British politician (1872–1957)

Brigadier-General Charles Mark Clement Rudkin DSO (12 November 1872 – 30 December 1957)
was a British soldier, barrister, agriculturist, determined traveller and Liberal Party politician.

==Family ==
Rudkin was born in County Louth in 1872, the son of Major H W Rudkin. His family is said to have come from Corries in County Carlow. He remained single until late in life when, on 29 September 1939, aged 66, at Ninfield Church in Sussex, he married Marie the daughter of Thomas Russell from Ascog in Argyll and Bute a Deputy Lieutenant of Bute.

==Career==
===Soldier===
Rudkin served in the South African War.

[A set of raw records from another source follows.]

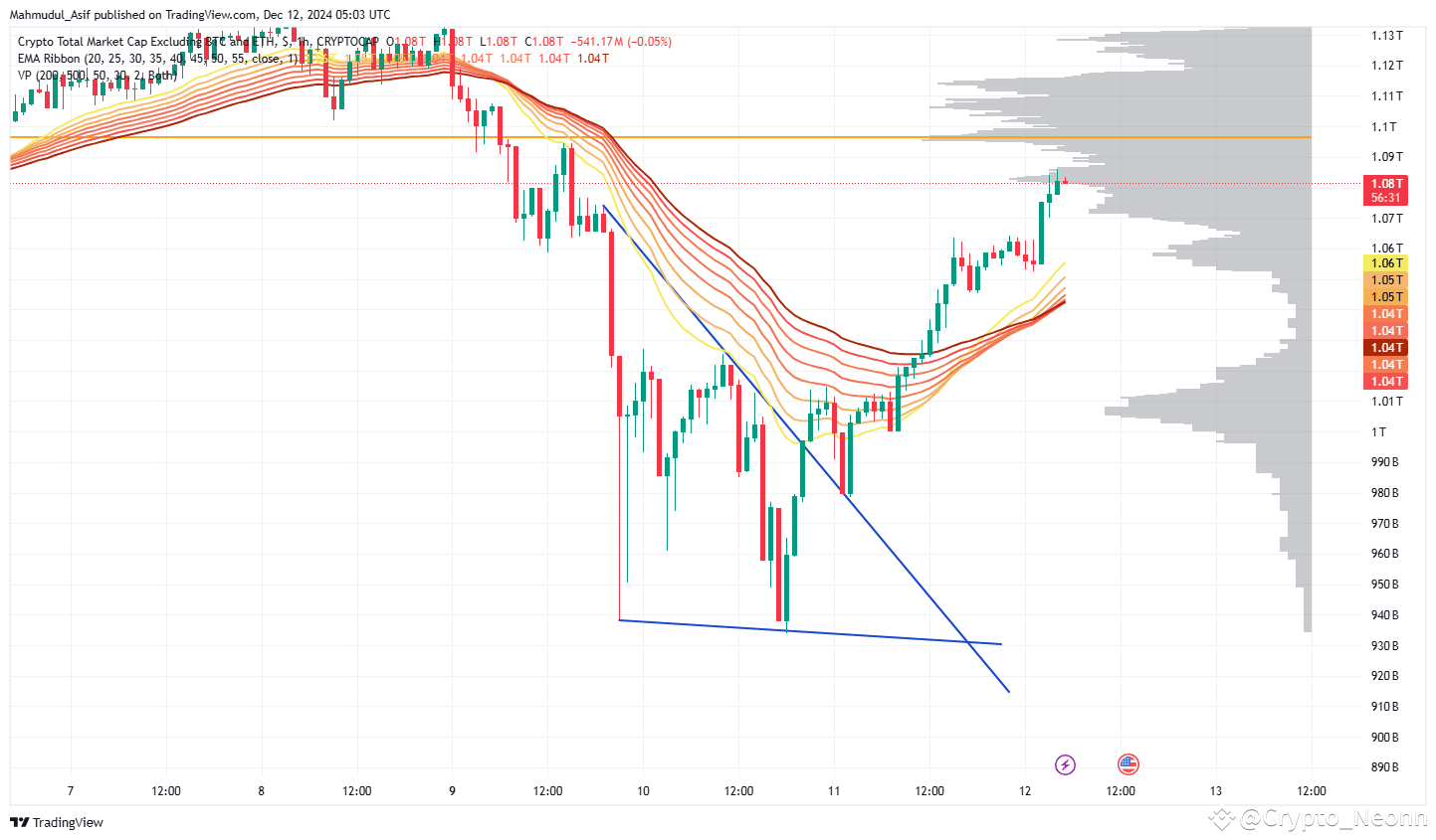 Recent total3 market make a asending treingle ema ratio are going to high in the sky. And recent market have huge down fall so as we expecting this market are not falling like this atleast few days.
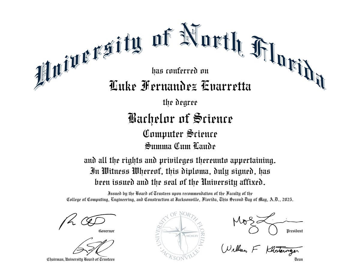 evarretta.luke@gmail.com ResumeI am a recent graduate with a Bachelor of Science in Computer Science, eager to launch my career in the tech industry. Throughout my academic journey,
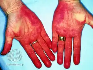 - ↑ Saario R, Kalliomaki JL (Dec 1985), "Palmar erythema in rheumatoid arthritis", Clin Rheumatol., vol. 4, no. 4, pp. 449–51, doi:10.1007/BF02031898, PMID 3830522
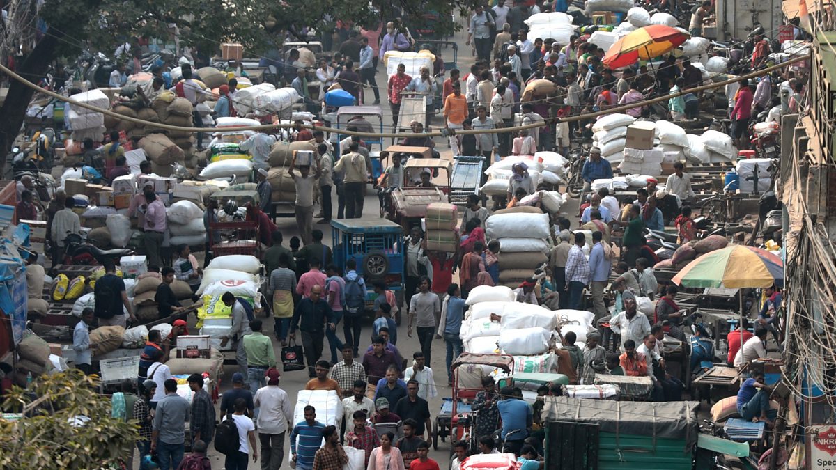 (Photo :People walk through a congested road of a wholesale market in the old quarters of Delhi, India; Credit: EPA/RAJAT GUPTA)

He was aide-de-camp to Paul Methuen, 3rd Baron Methuen and went on to command an Artillery brigade between 1899 and 1902. He was awarded the Queen's South Africa Medal with four clasps and the King's South Africa Medal with two clasps. He commanded the Royal Artillery Reserve at the Coronation of King George V in 1911. He received the 1902 and 1911 Coronation Medals for his role in the coronation parades.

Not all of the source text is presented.